▸ **REQUIREMENT**: The entries below contain pictures, which are to be left out; write out exactly, and only, the lines from the line with "PORCELAIN GINGER JARS" up to and including the line with "Woman's hands holding".

▸ **DATA FOR THIS TASK**:
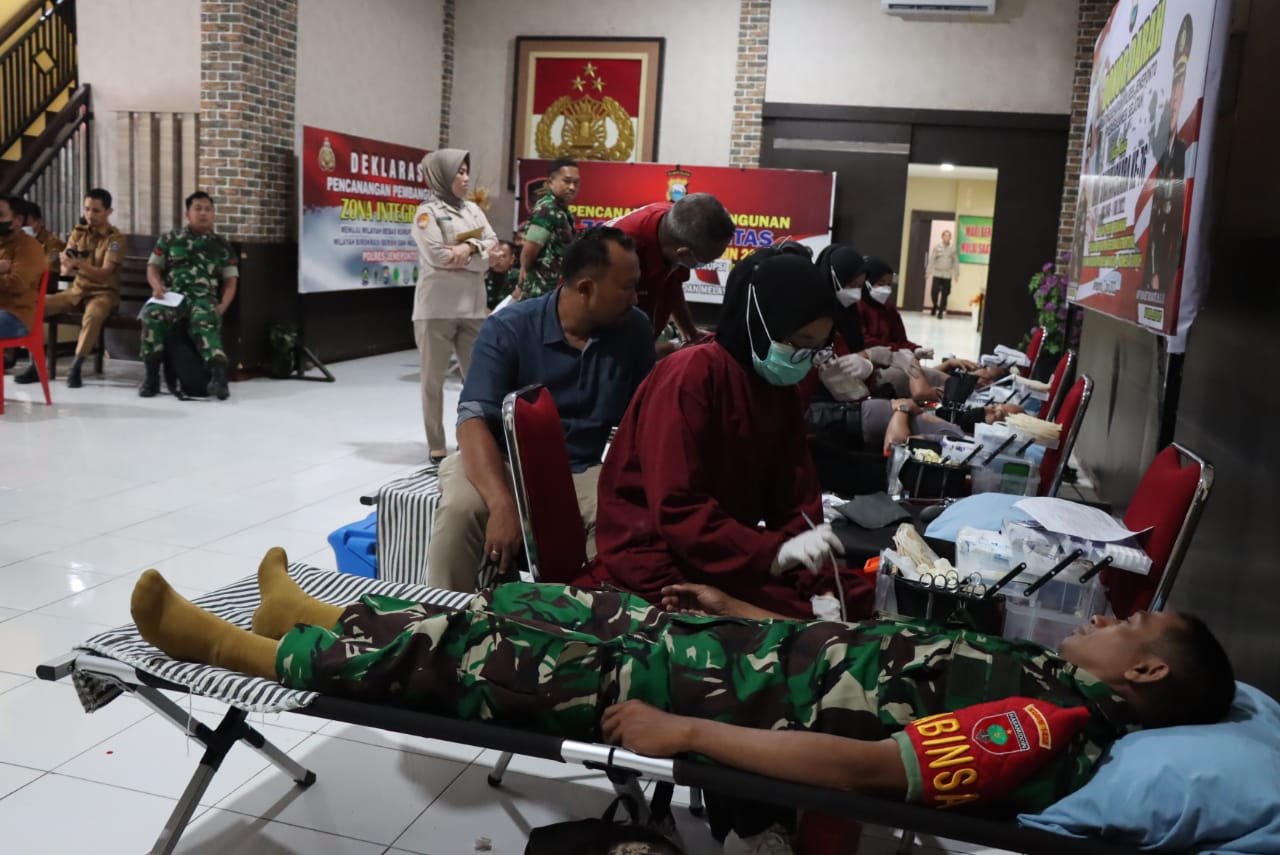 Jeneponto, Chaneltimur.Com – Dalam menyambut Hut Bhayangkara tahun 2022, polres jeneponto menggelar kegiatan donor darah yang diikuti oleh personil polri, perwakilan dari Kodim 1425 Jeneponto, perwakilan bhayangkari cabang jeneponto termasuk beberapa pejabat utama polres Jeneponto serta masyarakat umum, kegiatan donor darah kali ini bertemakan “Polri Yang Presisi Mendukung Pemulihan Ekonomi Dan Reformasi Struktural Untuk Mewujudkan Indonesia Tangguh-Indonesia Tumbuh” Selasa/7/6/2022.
* * *
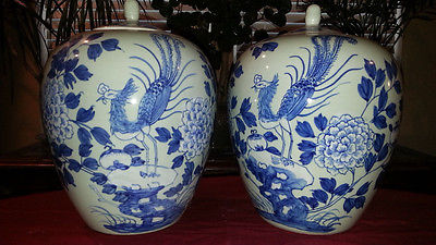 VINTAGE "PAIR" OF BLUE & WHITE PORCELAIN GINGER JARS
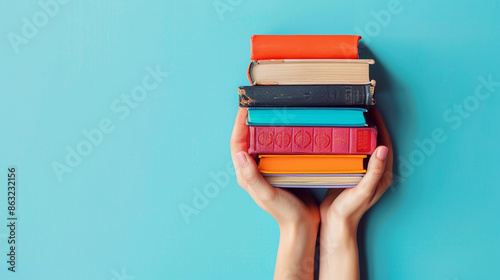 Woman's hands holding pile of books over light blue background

▸ **SOLUTION FOR THIS TASK**:
 VINTAGE "PAIR" OF BLUE & WHITE PORCELAIN GINGER JARS
 Woman's hands holding pile of books over light blue background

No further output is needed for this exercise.